We had the misfortune of living near Glendinning’s fabric factory on Lurgan’s Victoria Street. The factory shop was piled high with chintz seconds.

Crimplene was all the rage, before people wised up to wrapping themselves in polyamide and polyester yarn. One of mum’s early efforts was a chic jumpsuit in navy blue and white pinstripe. It was like a tailored plastic bag.

Crimplene in high summer is worse than Chinese water torture. I had a brown crimplene suit too – with slightly wonky buttonholes.

The biggest horror of all befell me in fourth year at grammar school. My school blazer had grown too small, and it was badly frayed. Replacement blazers were the price of a small car, so out came the sewing machine.
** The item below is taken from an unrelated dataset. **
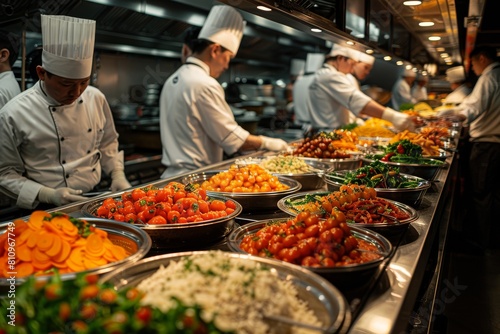 professional, kitchen, chef, dish, variety, service, teamwork, culinary, cookery, preparation, epicure, tied-up, cooking, gastronomy, expertise, eatery, coordination, uniform, concentration, dexterity, culinary arts, gastronomic, kitchen utensile, efficiency, nourishment, hospitality, stove, cutting, chopping, industry, salad, tomatoes, rice, vegetable, banquet, meticulous

Fabric, close to the school colours, was procured from Glendinning’s, and the monstrosity – with slightly misshapen seams, squinted buttonholes, and machine-embroidered school crest – emerged. To me, it was as if Singer Sewing Machines had turned their hand to making Frankenstein’s monster.

To heap embarrassment on embarrassment, the lining was a gaudy chintz – an offcut from a summer dress. ‘No-one will see it,” she said. And I made sure they didn’t. I shudder still to think about it. But I shudder more when I realise how selfish I was not to notice that she had stitched a little love into every thread.